La reconstrucción empírica derivada de la investigación realizada me permite afirmar que las posibles modificaciones en cuestiones identitarias, de la subjetividad o en los proyectos biográficos de los jóvenes participantes de las orquestas son el resultado específico de intersecciones también específicas entre I) los mandatos de una política o intervención artístico-cultural (en este caso lo que ofrece cada proyecto), II) lo particular que aportan quienes la llevan adelante (docentes y otros gestores), III) la contingencia del encuentro entre gestores y participantes, en un tiempo y un barrio determinados; y IV) las trayectorias biográficas y repertorios culturales que ponen en juego los beneficiarios. Estas dimensiones no son estáticas sino procesos dinámicos que a la vez se influencian mutuamente, y que ocurren en el marco de procesos estructurales también cambiantes que van configurando, entre otras cosas, los modos de pensar la acción cultural y la política social en nuestro país y en diversas latitudes del mundo occidental.

 

3. Inclusión versus dominación: resabios de una discusión desvencijada

Al comienzo de este artículo me posicioné a distancia de las interpretaciones que celebran o critican las intervenciones culturales con «fines sociales» fundamentalmente porque, en contraste con lo que se ha intentado realizar aquí, las mismas implican generalizaciones derivadas de razonamientos deductivos que no contemplan la heterogeneidad de posiciones y situaciones sociales desde las que es posible aprehender una práctica como la orquestal en sectores populares. Estas interpretaciones tampoco le dan el lugar que merece a las tensiones de diversa índole que aparecen durante los procesos de implementación de este tipo de proyectos —de los cuales tampoco hemos podido dar cuenta aquí más que indiciariamente—.

Quisiera introducir algunos comentarios adicionales. En primer lugar, recalcar —aunque entiendo se desprende de los resultados presentados— que el enfoque aquí propuesto no desconoce que las artes son prácticas sociales situadas, atravesadas por relaciones de poder, y está lejos de otorgar a la música sinfónica un estatus superior al de otros géneros o prácticas musicales. Tampoco desconoce que la música académica y la práctica orquestal forman parte del repertorio de bienes culturales legítimos y que su extensión a sectores de la población habitualmente alejados de ellos conlleva una serie ineludible de preguntas sobre por qué lo que se democratiza son este tipo de prácticas y no otras, por qué se asume que la música culta es moralmente superior a otros géneros o estilos musicales, por qué se resuelve de manera unilateral qué práctica artística se va a ofrecer a poblaciones que podrían participar en esta decisión, y si todas estas cuestiones no implican que las orquestas juveniles forman parte de los modos de dominación de los sectores subalternos.

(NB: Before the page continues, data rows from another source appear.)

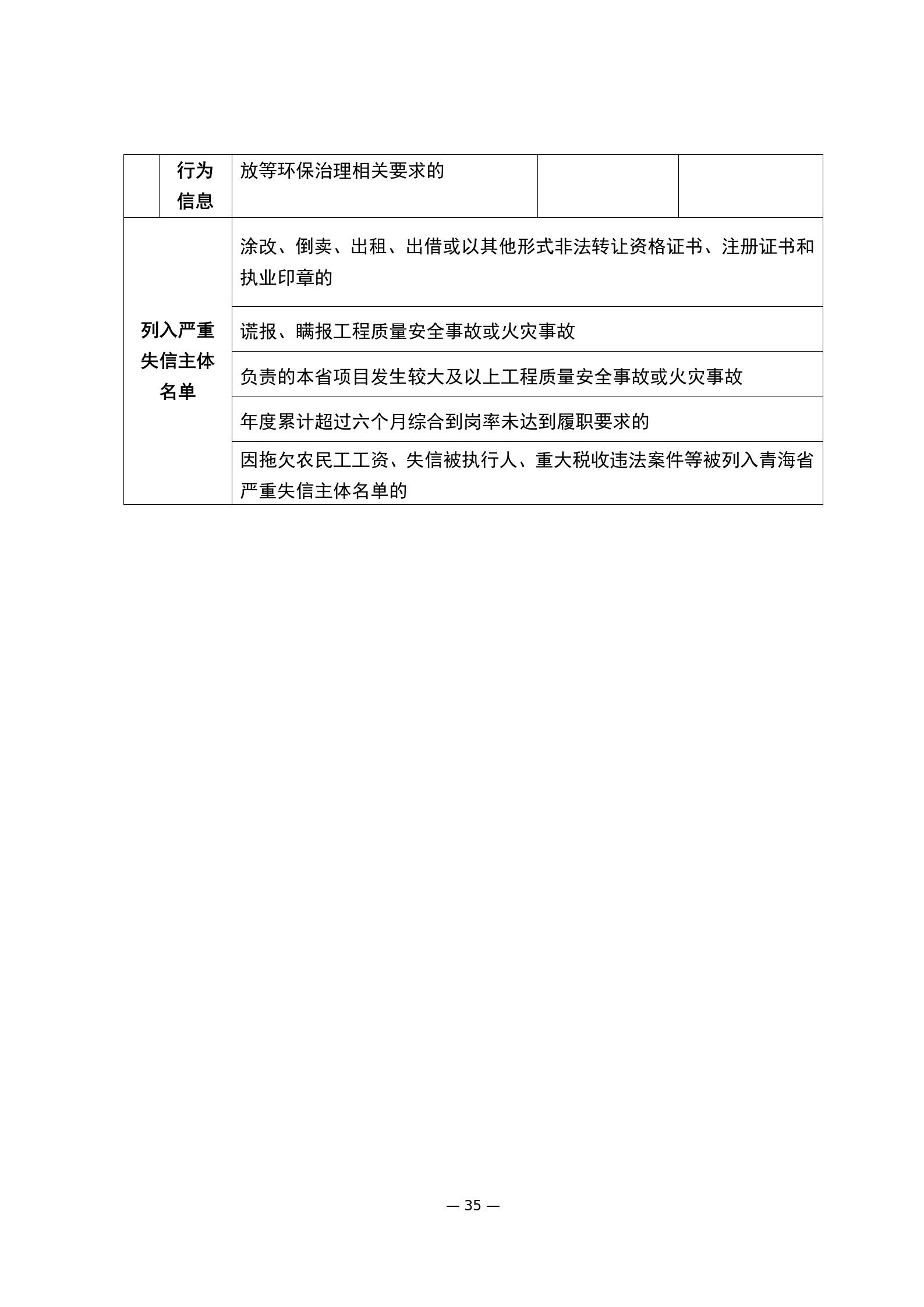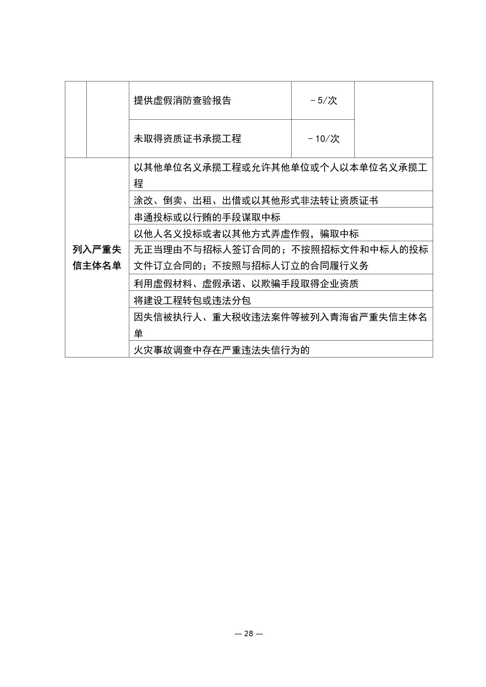 (一)在非國有投資項目中,建設單位不應選用建筑市場主體嚴重失信主體名單的企業(yè)和從業(yè)人員參與工程建設活動;24個月內(nèi)取消其參與政府投資項目工程建設活動資格;省外進青企業(yè)24個月內(nèi)不受理進青登記業(yè)務;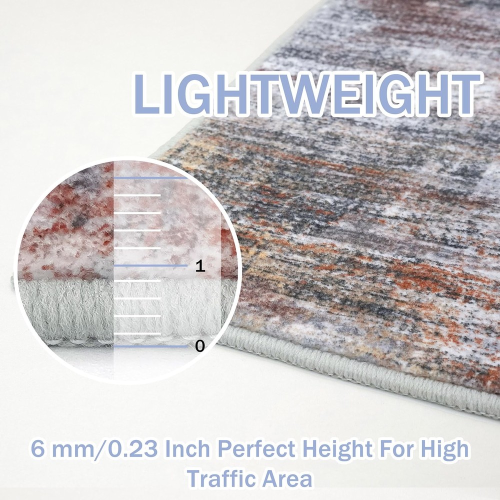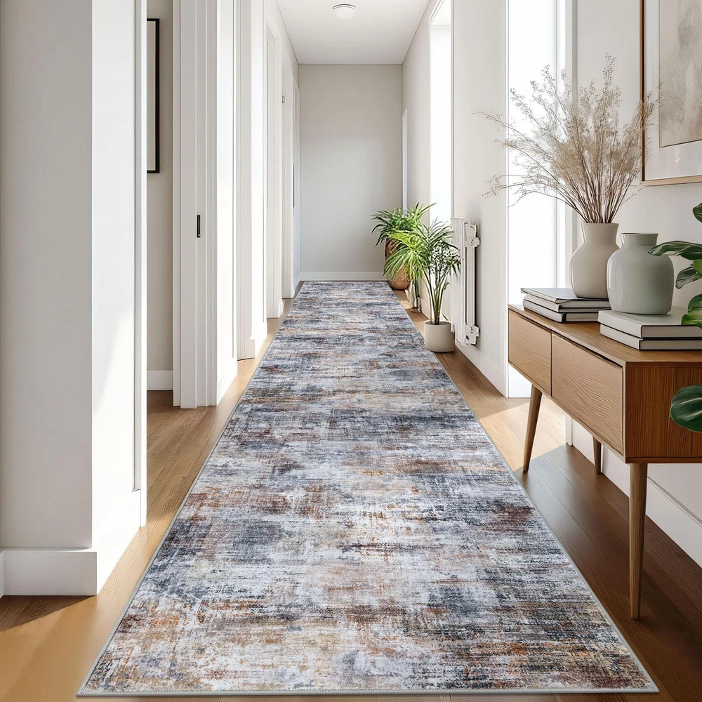 Elevate your living space with the stunning allure of Abstract Rugs. Designed for the modern home, this 3x10 runner rug masterpiece seamlessly blends functionality with a jaw-dropping abstract pattern, making every corner of your room a visualretreat. Let's dive into the world where fashion meets comfort, and design meets durability—all wrapped up in one exquisite floor runner! Starting with its eye-catching design, this kitchen rug runner features an enigmatic blend of navy hues, capturing the essence of modern abstract art. It’s not just a runner rug for entryway indoor; it’s a statement piece that speaks to the soul, enhancing the ambiance of your room and sparking conversations. Perfect for any setting, from your chic entryway to the cozy nook by your kitchen, hall, bedroom, this hall runner rug promises to infuse a burst of creativity wherever placed. Safety is paramount, and with this rubber backed runner rugs, rest assured that elegance comes with high-end functionality. Equipped with a non slip backing, this non slip runner rug stays securely in place, providing a safe, slip-free area even in high traffic zones of your home. Whether it’s playful pets or running kids, our rug handles it all with grace. Experience luxury under your feet! Made from premium synthetic fibers, our entryway runner rug offers a soft, plush sensation that makes stepping on it a pure joy. With a practical pile height of 0.3 inches, it’s designed to fit seamlessly under doors and furniture, enhancing your space without inconvenience. Caring for your indoor outdoor runner is as easy as it gets. Machine washable and built to last, this rug not only resists fading but also holds its captivating charm wash after wash. It's the perfect blend of durability and effortless style—just toss it in the wash and it’s good as new, ready to stun all over again. Key Attribute: Style: Printed Abstract Modern; Thickness: 0.35 in.; Color: Orange/Grey/Brown. Note: The digital images of the rug on our website are as accurate as possible. Due to differences in computer monitors, the rug colors may vary slightly Notice the Fold: The rug is folded for cost-effective shipping, which may cause creases. To remove them, lay the rug flat, weigh down creased areas, use a steam iron on low with a damp cloth, or roll the rug in the opposite direction Machine Washable: This hallway runner is machine washable for easy maintenance, keeping it fresh and vibrant without the need for manual cleaning. Noted: When vacuuming, use a low setting or a robotic vacuum to prevent shifting or bunching Non-Slip Rubber Backing: Designed with a non-skid TPR backing, this 3' x 18' entryway runner stays securely in place, eliminating the need for an extra rug pad. Ideal for families with children and pets, it remains steady even in high-traffic areas Ultra Soft Touch: This kitchen runner rug is made from plush synthetic fibers, offers a dense, cloud-like surface that cushions feet and shields toes from cold floors. Durable, non-shedding, fade-resistant, and odorless, it's ideal for high-traffic areas Modern Abstract Printed Design: Transform your home with the modern abstract rug, a perfect blend of art and functionality. Printed with a modern abstract pattern, Its dynamic splashes of orange, brown, and gray hues add a vibrant touch to any room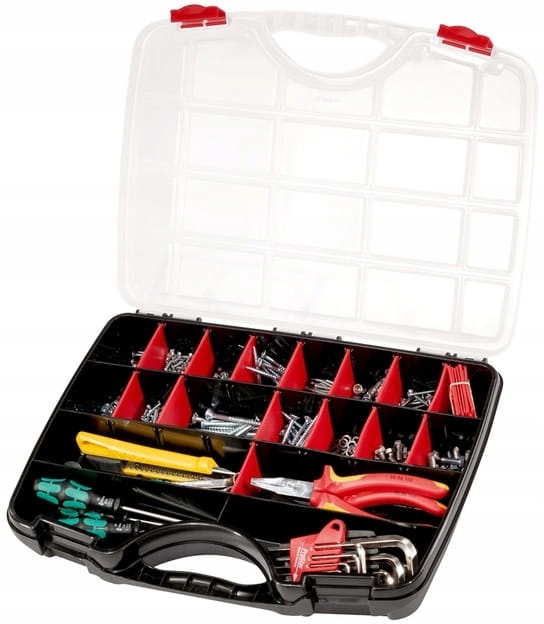 Професійний контейнер Parat для зберігання дрібних елементів, інструментів, деталей, кабельних наконечників тощо, корисних для всіх видів електронної, механічної, модельної роботи тощо, а також домашнього застосування.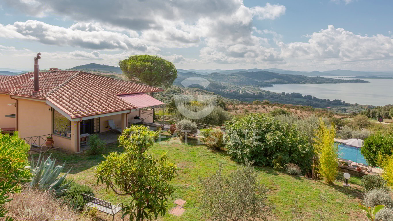 On the green hills of Lake Trasimeno, in a panoramic position, stands this beautiful recently renovated villa. The property, of approximately 370 sqm is divided vertically into 2 real estate units. The master part is composed of a large bright living room, a kitchen with large windows from which you can admire the splendid view of Lake Trasimeno, a bedroom and 2 bathrooms. An internal staircase leads to the first floor where we find a large living room with fireplace, 3 bedrooms and 3 bathrooms....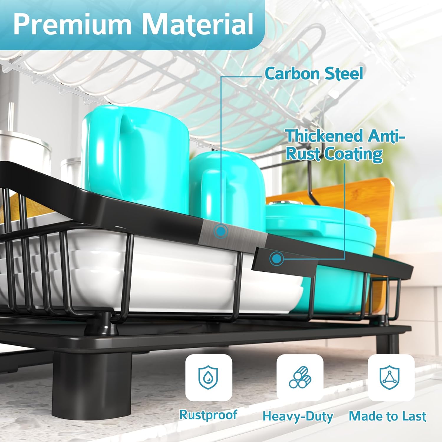 - 【Sturdy & Durable】This dish rack for kitchen counter is made of high-quality carbon steel and coated with an anti rust coating to protect the rack from rust. It is durable and easy to clean. This drying rack kitchen has passed a 24-hour salt spray test, making it a trusted metal drying rack choice for every family, providing better protection for your kitchenware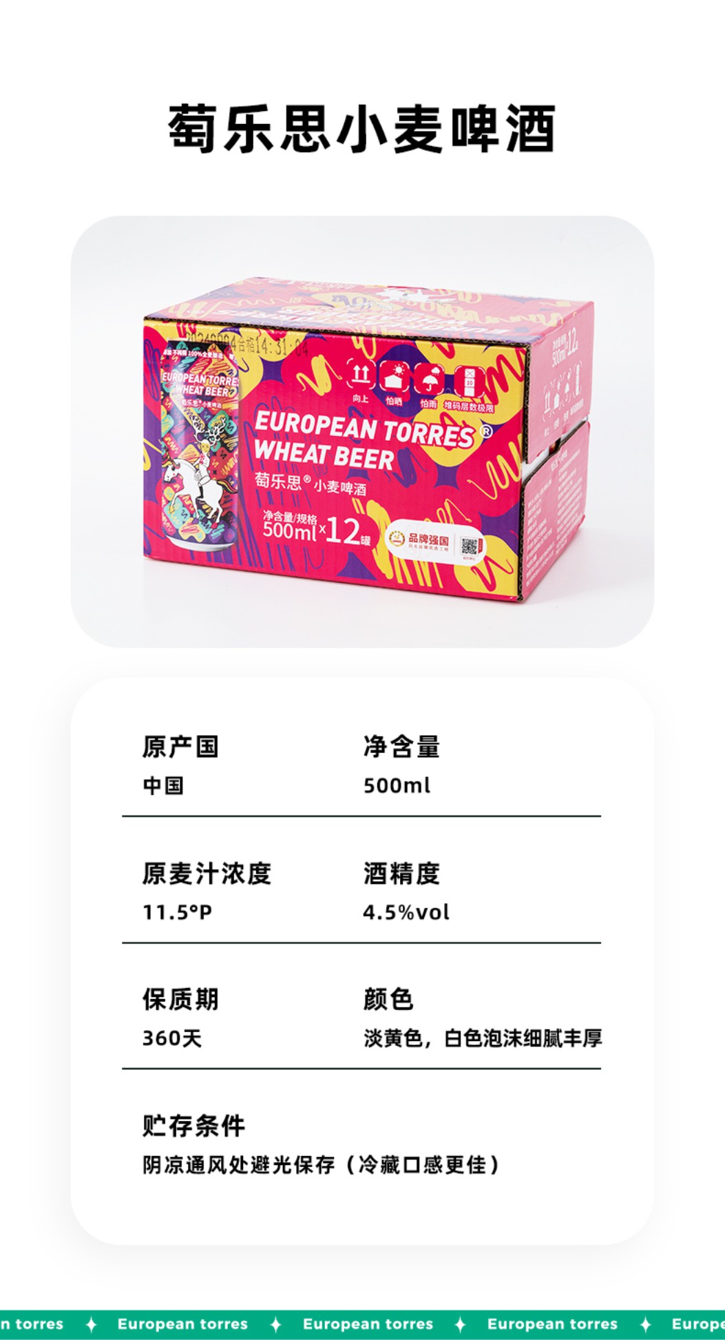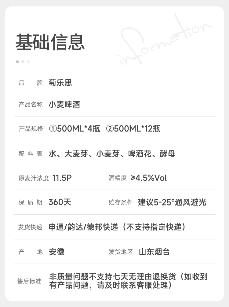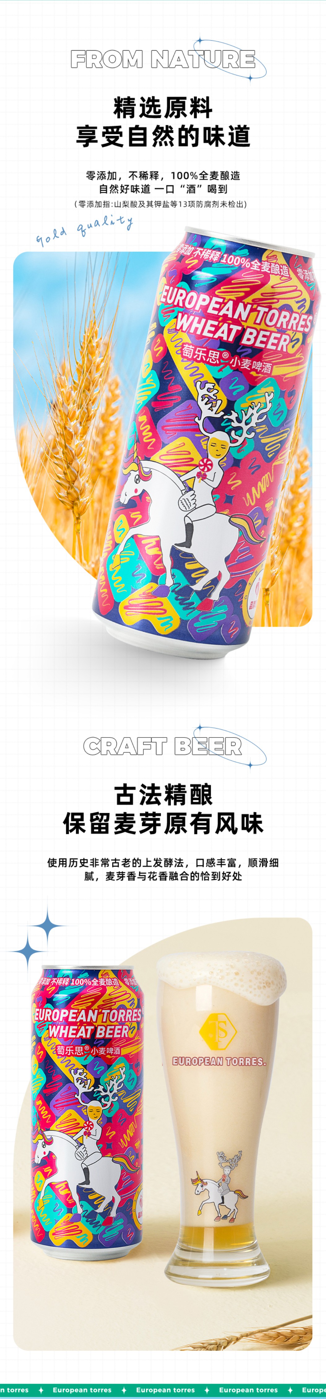 【萄乐思小麦啤酒】全麦酿造 泡沫细腻丰富 0糖 0脂肪 低嘌呤 艺术精酿浪漫微醺AA

Concuerdo con las posiciones críticas en que, por todas estas razones, no podemos sobreestimar la potencialidad transformadora de las artes. Ahora bien, interrogándonos en sentido opuesto, ¿es posible afirmar que el hecho de apropiarse de parte del repertorio legítimo de bienes culturales implica un acto de subordinación? Las referencias de los jóvenes al disfrute y al placer de tocar un instrumento y hacer música en conjunto ¿pueden solo ser interpretadas en términos de hegemonía cultural? Si, como hace años nos alertara Michel de Certeau (1996:XLI) los usuarios no están «condenados a la pasividad y a la disciplina» sino que tienen sus propios esquemas de acción aún cuando están en condición y posición dominada, si como afirma Alabarces (2008), las culturas populares nos hablan hoy más de negociaciones e intercambios que de resistencias puras; si los procesos de mundialización y transnacionalización generan que la correspondencia entre clase social y bienes culturales no resulte transparente sino que primen las trasposiciones, los flujos transversales, las apropiaciones y reapropiaciones entre la alta cultura y las culturas populares aún en el marco de relaciones de hegemonía/subalternidad (Alabarces, 2011); si los consumos, posesiones y prácticas de la cultura popular son siempre ambivalentes y contradictorios (Grignon y Passeron, 1991); y si el principio de escisión gramsciano implica más una «posición diferencial de los subalternos que les permite pensarse, aún en las situaciones de hegemonía más impenetrables, como distantes y diferentes de las clases dominantes» (Alabarces, 2008:25) —cuestión que el estudio realizado ha evidenciado en diversas oportunidades—. Entonces ¿resulta fructífero el par dominación/resistencia para interpretar programas y proyectos como los aquí analizados?.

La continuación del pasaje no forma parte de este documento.